5e Dimanche TOA
Matthieu 5,13-16
À la gloire du Père céleste

 

Sel de la terre et lumiere du monde

A l’instar de Moïse, le grand serviteur de Dieu qui a gravi le Sinaï pour recevoir et publier à tout Israël les Lois et les Décisions du Seigneur (Ex 19), aujourd'hui le Verbe-fait-chair, gravissant le mont des Béatitudes, continue à enseigner la Loi nouvelle et définitive aux disciples de tous les temps adoptant librement Son programme.

En effet, après nous avoir concrètement montré la voie à suivre, faite de pauvreté de cœur, de douceur, de la faim et de la soif de la justice, de miséricorde, de pureté de cœur, de paix, d’acceptation patiente des persécutions, de l'annonce de l’amour de Dieu par l’exercice de la charité, le Christ nous étiquète de « sel de la terre et lumière du monde ».

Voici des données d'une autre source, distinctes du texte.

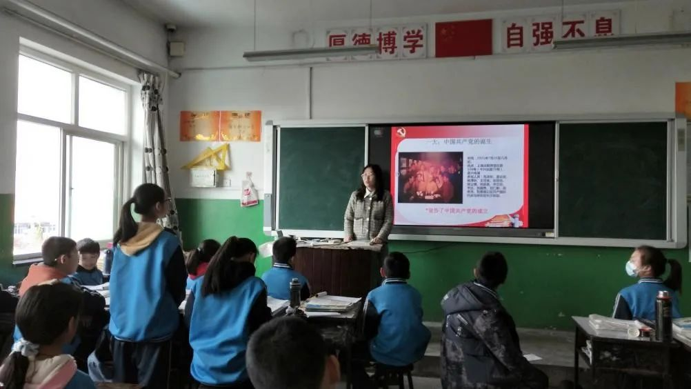 1803班王雨桐在长治黎城三中七年级4班开展宣讲活动,回顾百年党史,学习习近平总书记重要讲话精神,引导学生思考学党史的深远意义。谈及要树立正确的党史观时,有学生分享体会,“在学习历史的时候,评价一个人往往要从功过两方面进行评价,因为一叶可以障目,评价要全面,而在现实中,并不是每个学过马克思主义理论的人都能理解其内涵,所以我们要读好、学好党史类书籍,树立正确的党史观。”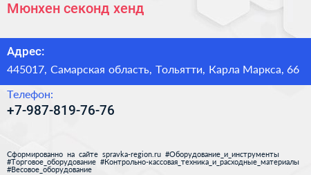 Мюнхен, секонд-хенд по адресу 445017, Самарская область, Тольятти, Карла Маркса, 66 в дальнейшем Организация, размещена в следующих категориях: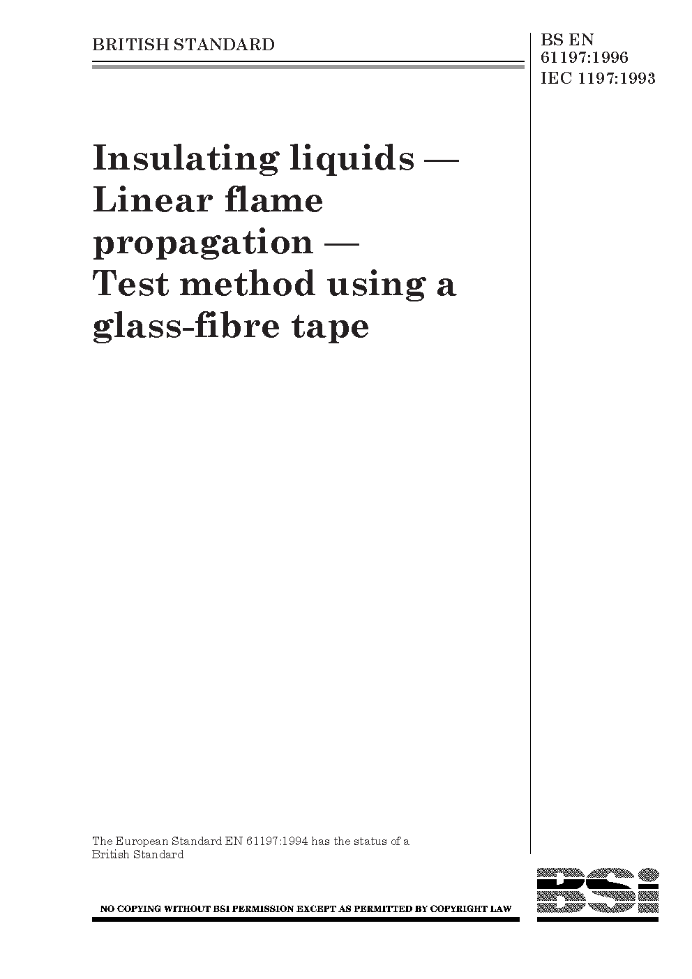 Insulating liquids. Linear flame propagation. Test method using a glass-fibre tape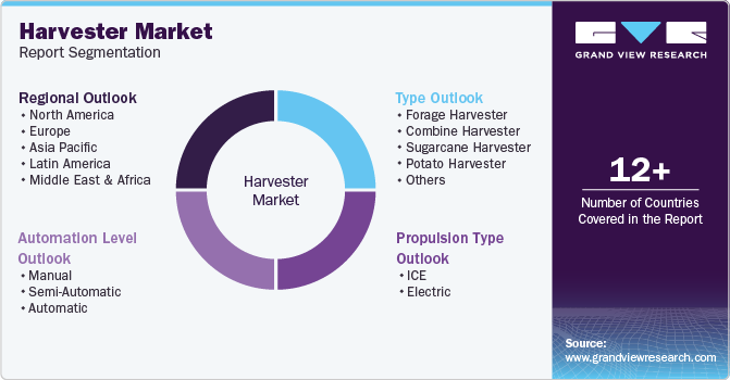 This report forecasts revenue growth at global, regional, and country levels and provides an analysis of the latest industry trends in each of the sub-segments from 2017 to 2030. For this study, Grand View Research has segmented the global harvester market report based on type, automation level, propulsion type, and region: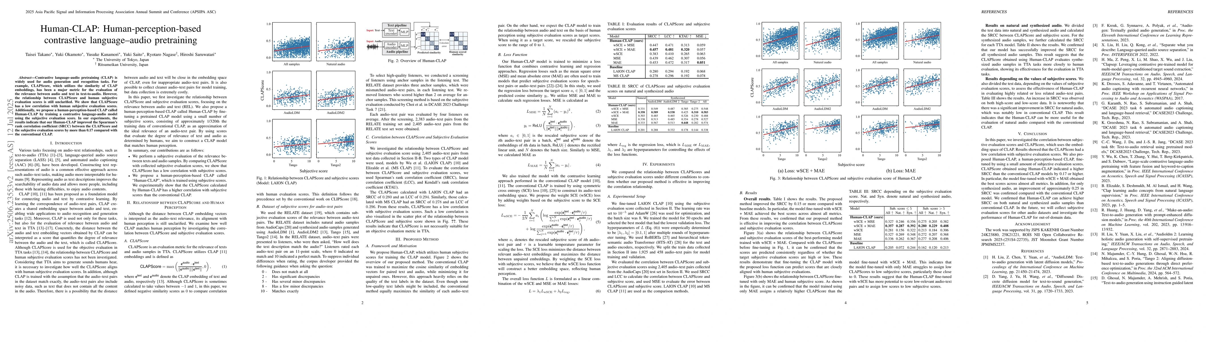 Human-CLAP, a human-perception-based contrastive language-audio pretraining model that fine-tunes a CLAP model using subjective evaluation scores to improve the correlation between CLAPScore and human perception.

« Sel de la terre et lumière du monde » ? Moi, Seigneur ? Demandons-nous, peut-être, chacun personnellement… Mais quel point commun y a-t-il entre ces deux éléments auxquels Tu me compares ? Pourquoi moi?  Et au Seigneur de répondre : « Je te compare au sel et à la lumière, parce qu’ils sont des éléments révélateurs : le sel met en valeur la saveur des aliments, la lumière fait connaître la beauté des êtres et du monde. Mais pourquoi Me le demandes-tu à nouveau, puisque Mon serviteur, Jean-Paul II, te l’a déjà dit lors des JMJ de 2002 (Toronto) et dans son Message pour les JMJ de 2012?

 « Par le baptême, t'avait-t-il dit, tout notre être a été profondément transformé, parce qu’il a été ‘’assaisonné’’ par la vie nouvelle qui vient du Christ. Le sel, grâce auquel l’identité chrétienne ne se dénature pas, même dans un environnement fortement sécularisé, est la grâce baptismale qui nous a régénérés, nous faisant vivre dans le Christ et nous rendant capables de répondre à Son appel pour ‘’offrir notre personne et notre vie en sacrifice saint, capable de plaire à Dieu’’ (Rm 12). Pendant longtemps, le sel a aussi été le moyen habituellement utilisé pour conserver les aliments. Comme « sel de la terre », vous êtes appelés à conserver la foi que vous avez reçue et à la transmettre intacte aux autres. »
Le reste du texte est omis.